**Exercise objective**
Once you find the line with "- Product Awards: Digital's" in the entries below, print it and each line after it up to and including the line with "- Wicked party", exactly, without pictures.

Items from a data source
☆ ☆ ☆ ☆

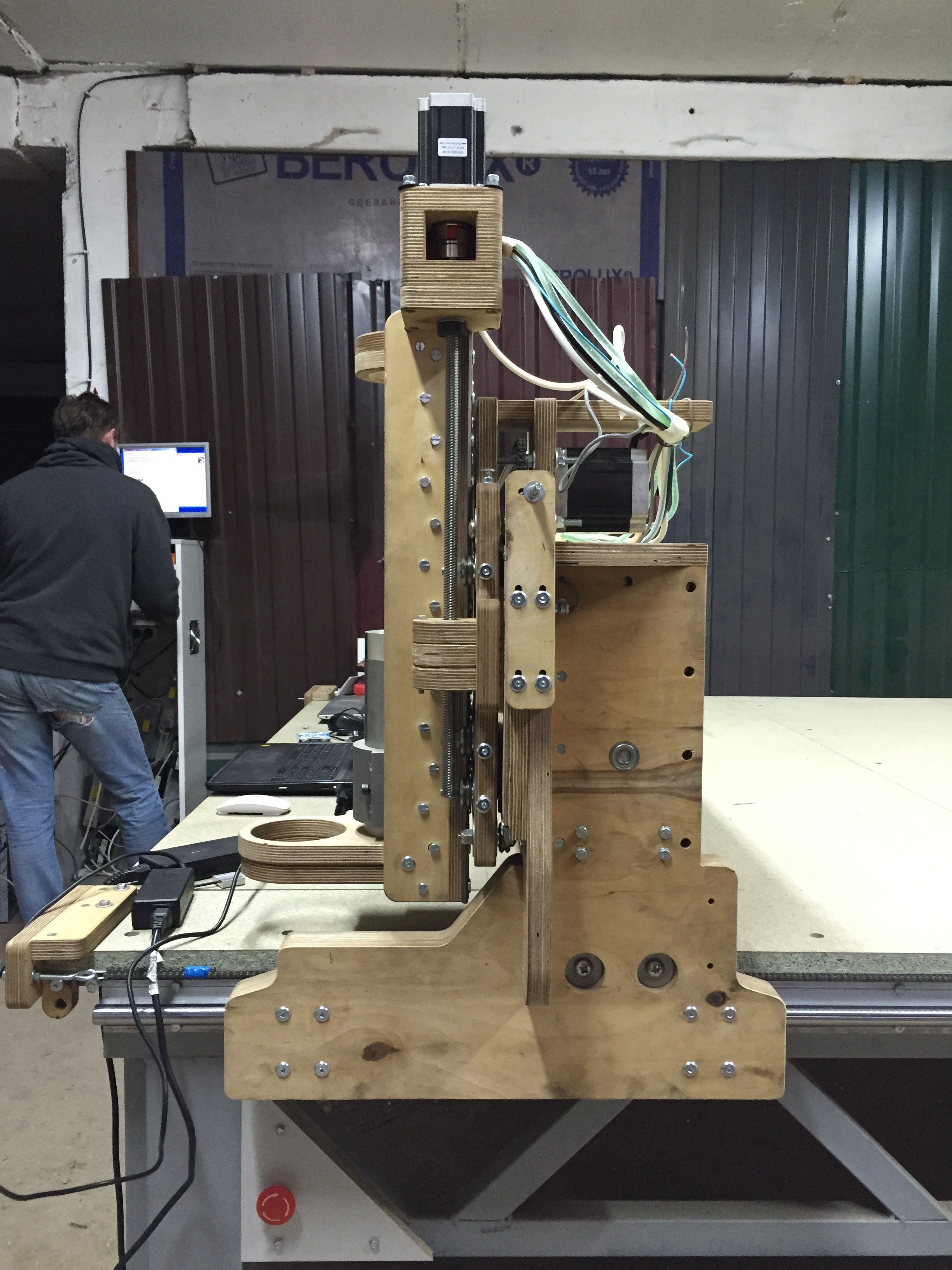 По механике тоже выявилось слабое место. И это не фанера. Как я и подозревал, шестеренки привода Х оси маловаты для таких динамических нагрузок. Один раз сорвало с места одну. Пережал заново, пока работает, но доверия к этому месту немного.
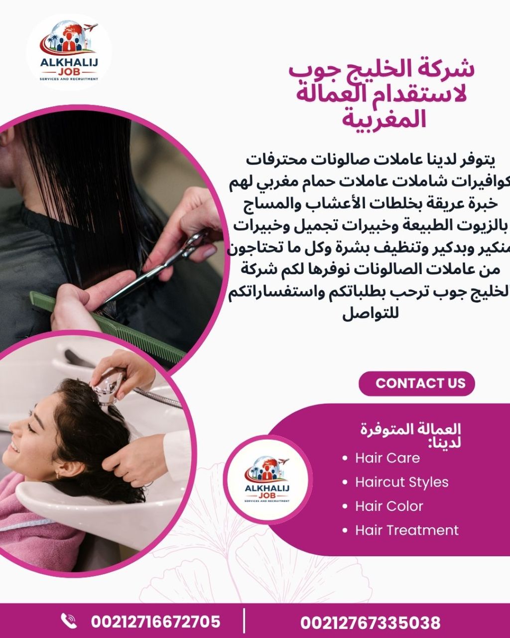 يتوفر لدينا عاملات صالونات محترفات كوافيرات شاملات عاملات حمام مغربي لهم خبرة عريقة بخلطات الأعشاب والمساج بالزيوت الطبيعة وخبيرات تجميل وخبيرات منكير وبدكير وتنظيف بشرة وكل ما تحتاجون من عاملات الصالونات نوفرها لكم ترحب بطلباتكم واستفساراتكم للتواصل
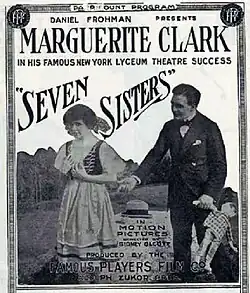 The Seven Sisters is a 1915 American silent romantic comedy directed by Sidney Olcott. Based on the 1911 ensemble play Seven Sisters by Edith Ellis Furness and Ferenc Herczeg, the film starred Madge Evans, Marguerite Clark, and Conway Tearle.[1][2] The film is now presumed lost.[3][4]
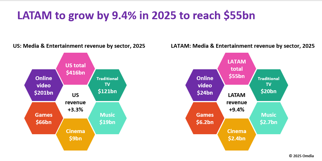 Maria Rua Aguete, Head of Media and Entertainment at Omdia, revealed during a MIP Cancun preview panel that Latin America’s media revenues will grow 9.4 per cent in 2025 — three times the 3.3 per cent growth expected in the US. This surge spans online video, television, gaming, music and cinema sectors.
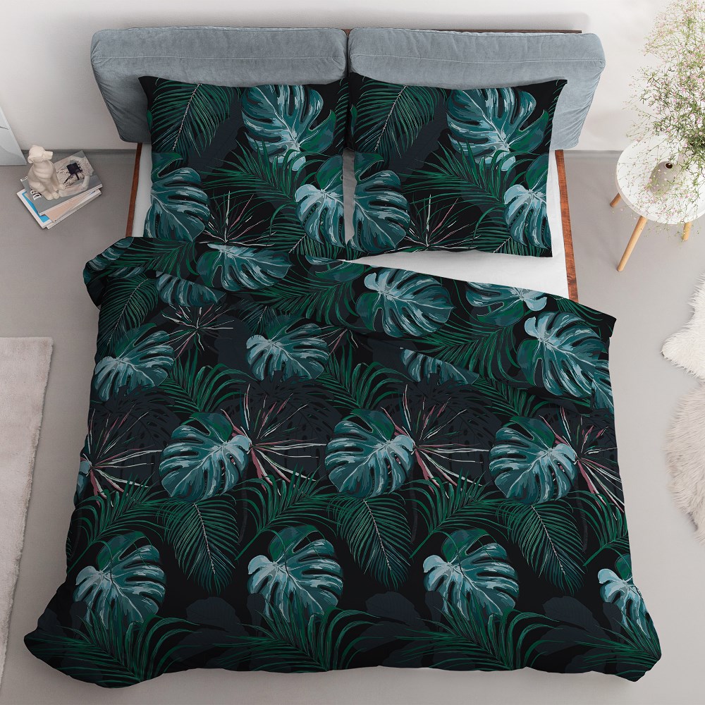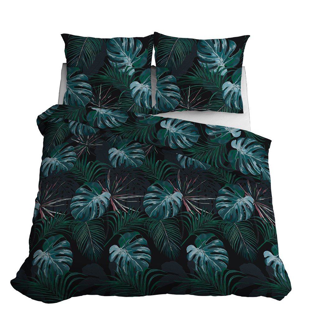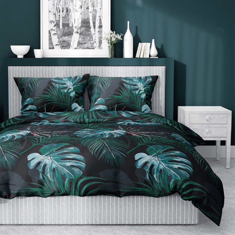 Pościel satynowa 140×200 czarna z turkusowymi liśćmi – Home Satin 4680 B
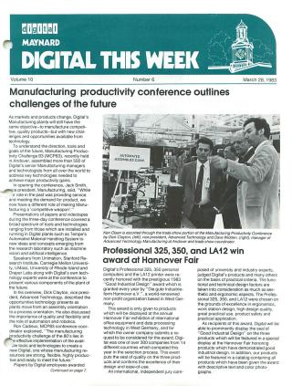 - Product Awards: Digital's Professional 325, 350 personal computers, and the LA12 printer received a "Good Industrial Design" award at the Hannover Fair in West Germany.
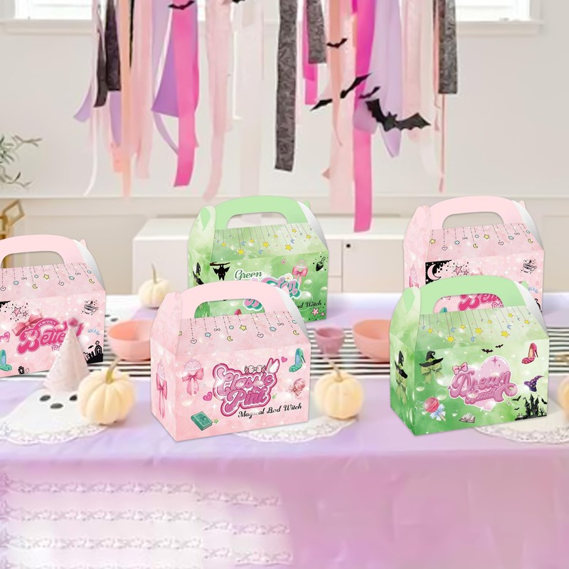 - Wicked party bags feature bold pink and green witch-themed designs, adding a playful yet mysterious vibe to your Halloween or magical birthday celebrations
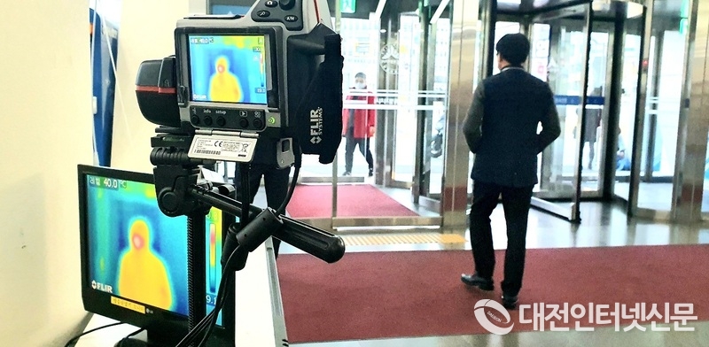 세종시가 지상 출입문에 열화상카메라, 열감지기, 적외선체온계를 동시에 운영해 모든 출입자들의 발열상태를 체크하고, 마스크 미착용자에 대해서는 출입을 원칙적으로 차단할 예정이다.(사진-세종시)
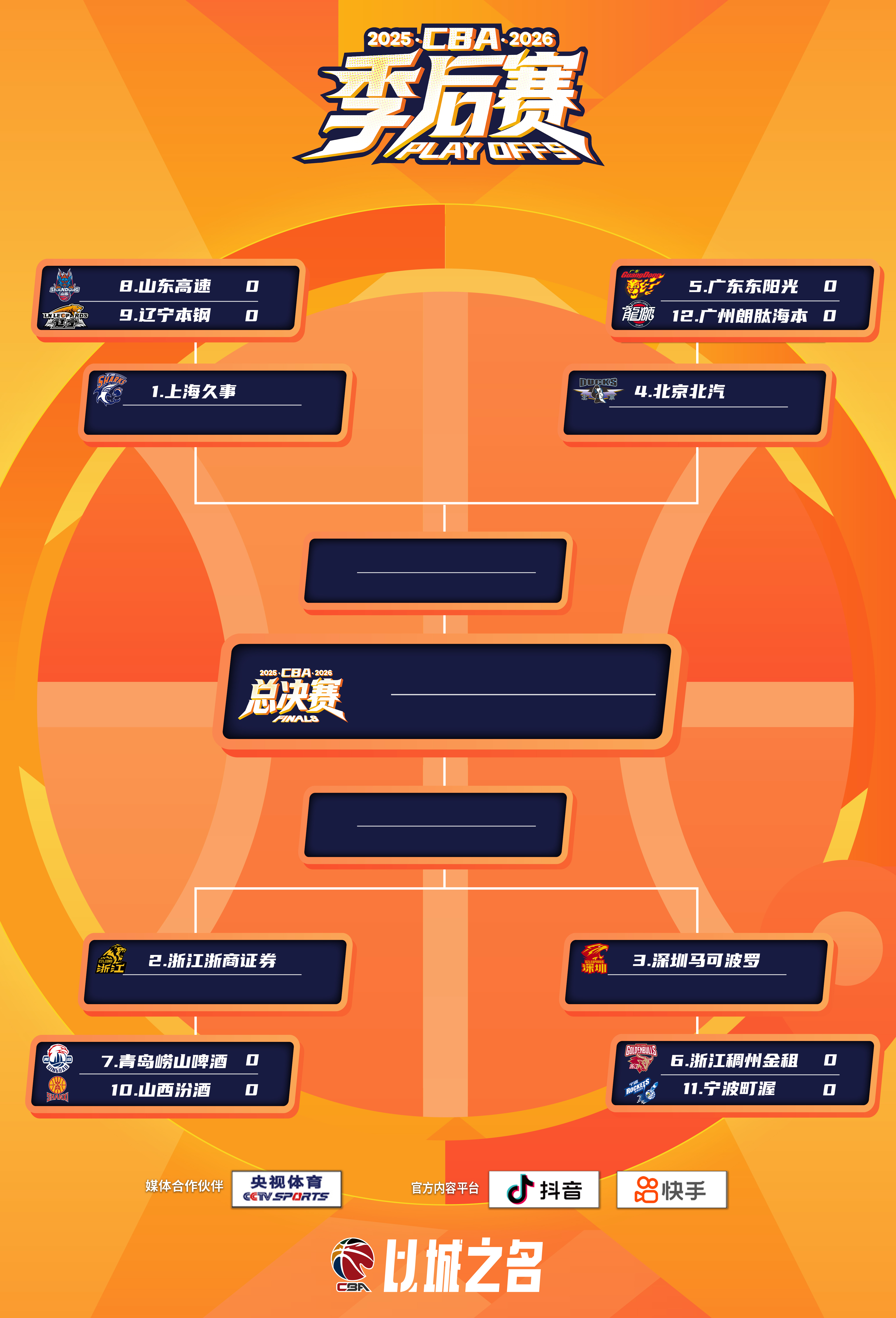 央视网消息:北京时间4月25日,2025-2026赛季CBA常规赛收官,季后赛对阵随之出炉。
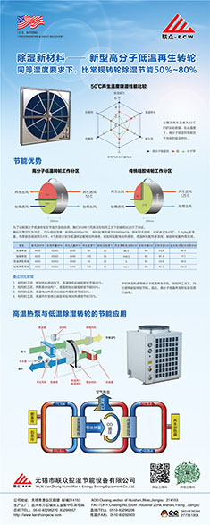 無錫市聯眾控濕節能設備有限公司成立于2004年2月,是一家長期致力于把空氣吸附分離技術應用于空氣處理設備的科技型中外合作 企業,主要研發生產轉輪除濕機組、熱泵除濕機組、空氣與空氣熱 能交換回收機組、蒸發冷卻空調機組、有機廢氣凈化處理機組等非 標空氣處理設備。隨著生產規模的不斷壯大和產業化的精細分工, 聯眾公司與2011年10月在江蘇省宜興市萬石鎮工業園茶亭路8號, 一期投資5000萬元,置地25畝、建標準工業廠房10000平方米和辦 公樓3000平方米,重新注冊成立江蘇聯眾聯勝節能設備有限公司。 企業領導層決定確立江蘇聯眾聯勝公司以研發生產蒸發冷卻空調機 組、有機廢氣凈化處理機組等大型節能環??諝馓幚碓O備為主;而無錫聯眾控濕公司則在無錫繼續以研發生產轉輪除濕機組、熱泵除濕機組、空氣與空氣熱交器為主。在國內暖通空調工程領域,聯眾控濕公司研發各類轉輪除濕機的技術能力、生產各類轉輪除濕機的 裝備制造工藝水平處于本行業前沿。
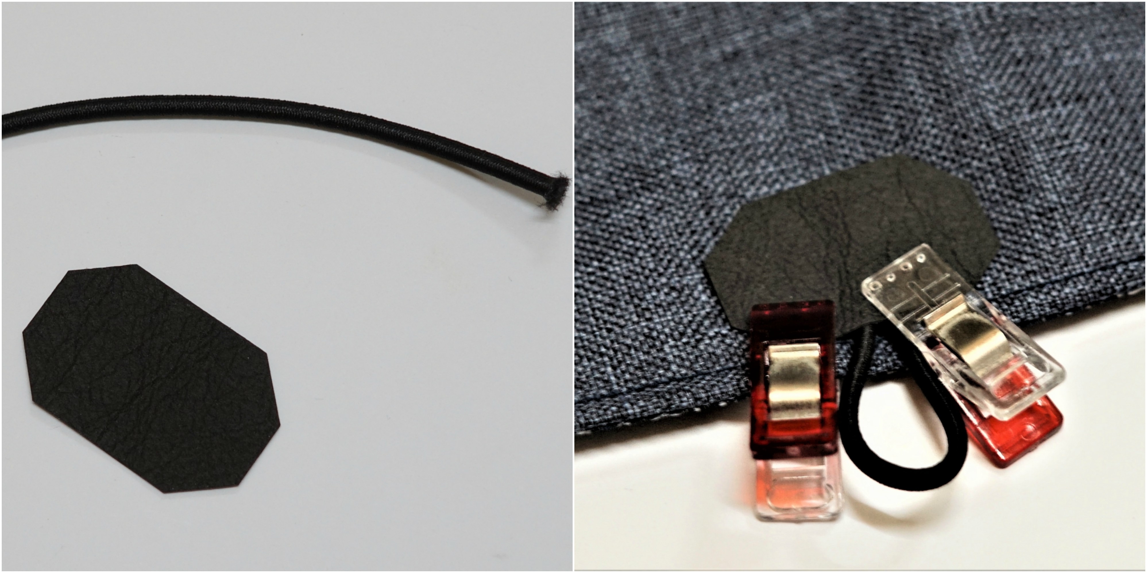 1. Dużą część z tkaniny lnianej prawą stroną do środka + kawałek gumki na zapięcie etui
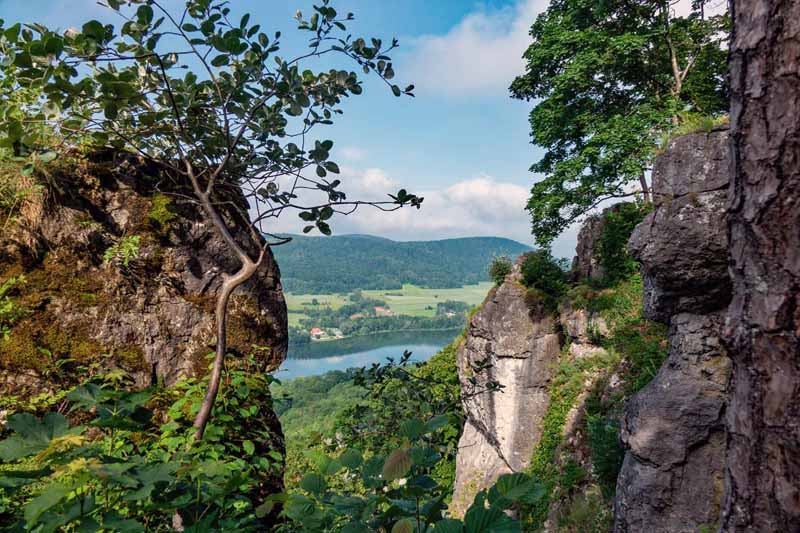 Etwa 30 Kilometer östlich von Nürnberg ragt ein markanter Berg über die sanften Hügel der Mittleren Frankenalb hinaus. Zu Füßen der Houbirg leuchtet das Blau des Happurger Stausees und verspricht ein echtes Urlaubsgefühl. Oben lockt der Hohle Fels und das Steinerne Gässl. Orte voller Zauber und Magie. Kein Wunder, dass die Gegend in der Hersbrucker Schweiz zu den beliebtesten Ausflugszielen in Mittelfranken gehört.
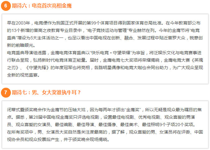 中國電視自1958年誕生至今,已走過了近一個甲子。作為中國最具權威和影響力的電視獎項,倍受億萬觀眾關注和期待的第28屆中國電視金鷹獎暨第11屆金鷹電視藝術節,即將于10月14日至16日期間在湖南長沙隆重舉辦。據悉,今年的“金鷹節”在“開幕式暨文藝晚會”、“互聯盛典”、“閉幕式暨頒獎晚會”三大主體晚會之外,特別增設“金鷹論壇”和“GEC金鷹電競體育盛典”兩大主體活動,電視、互聯網、游戲“三界”精英集結,融合創新,為本屆金鷹節增添更多精彩亮點。

☆ ☆ ☆ ☆

**Output of the exercise**
 - Product Awards: Digital's Professional 325, 350 personal computers, and the LA12 printer received a "Good Industrial Design" award at the Hannover Fair in West Germany.
 - Wicked party bags feature bold pink and green witch-themed designs, adding a playful yet mysterious vibe to your Halloween or magical birthday celebrations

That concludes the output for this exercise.